● **YOUR TASK**:
Without including any pictures, copy every line below exactly.

● **EXERCISE DATA**:
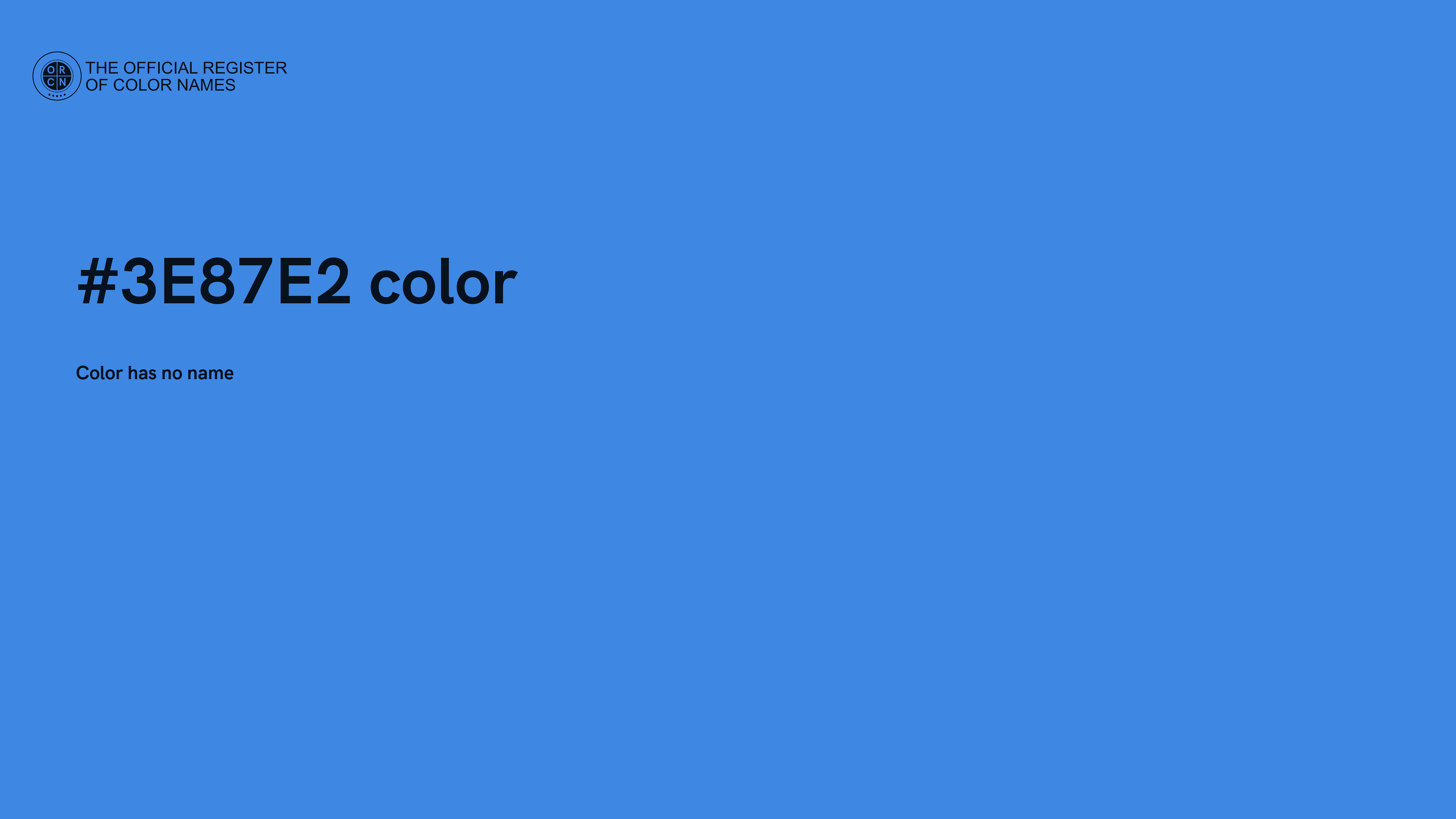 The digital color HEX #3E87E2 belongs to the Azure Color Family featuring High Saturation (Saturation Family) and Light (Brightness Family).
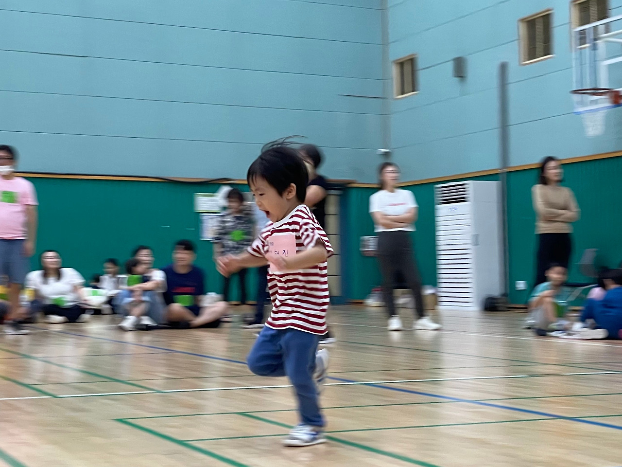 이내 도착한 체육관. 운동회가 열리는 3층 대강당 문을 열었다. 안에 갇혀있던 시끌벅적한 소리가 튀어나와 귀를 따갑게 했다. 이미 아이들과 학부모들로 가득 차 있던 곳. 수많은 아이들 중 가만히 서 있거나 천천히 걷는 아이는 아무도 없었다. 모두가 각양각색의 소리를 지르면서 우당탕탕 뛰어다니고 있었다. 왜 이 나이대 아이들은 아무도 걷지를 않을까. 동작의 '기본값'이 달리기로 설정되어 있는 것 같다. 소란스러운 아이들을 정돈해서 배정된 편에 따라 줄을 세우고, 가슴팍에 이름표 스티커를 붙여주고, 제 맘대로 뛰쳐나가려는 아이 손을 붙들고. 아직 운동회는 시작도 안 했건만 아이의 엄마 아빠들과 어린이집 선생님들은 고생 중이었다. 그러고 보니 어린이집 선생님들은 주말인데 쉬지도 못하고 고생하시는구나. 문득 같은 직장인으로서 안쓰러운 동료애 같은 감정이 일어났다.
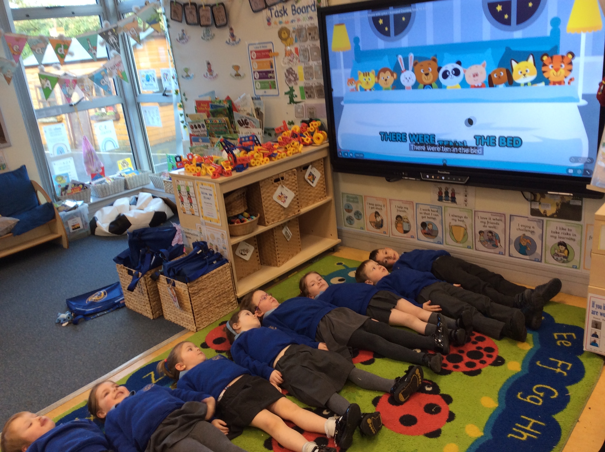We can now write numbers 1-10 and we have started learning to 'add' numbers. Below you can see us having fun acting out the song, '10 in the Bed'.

● **TASK SOLUTION**:
 The digital color HEX #3E87E2 belongs to the Azure Color Family featuring High Saturation (Saturation Family) and Light (Brightness Family).
 이내 도착한 체육관. 운동회가 열리는 3층 대강당 문을 열었다. 안에 갇혀있던 시끌벅적한 소리가 튀어나와 귀를 따갑게 했다. 이미 아이들과 학부모들로 가득 차 있던 곳. 수많은 아이들 중 가만히 서 있거나 천천히 걷는 아이는 아무도 없었다. 모두가 각양각색의 소리를 지르면서 우당탕탕 뛰어다니고 있었다. 왜 이 나이대 아이들은 아무도 걷지를 않을까. 동작의 '기본값'이 달리기로 설정되어 있는 것 같다. 소란스러운 아이들을 정돈해서 배정된 편에 따라 줄을 세우고, 가슴팍에 이름표 스티커를 붙여주고, 제 맘대로 뛰쳐나가려는 아이 손을 붙들고. 아직 운동회는 시작도 안 했건만 아이의 엄마 아빠들과 어린이집 선생님들은 고생 중이었다. 그러고 보니 어린이집 선생님들은 주말인데 쉬지도 못하고 고생하시는구나. 문득 같은 직장인으로서 안쓰러운 동료애 같은 감정이 일어났다.
We can now write numbers 1-10 and we have started learning to 'add' numbers. Below you can see us having fun acting out the song, '10 in the Bed'.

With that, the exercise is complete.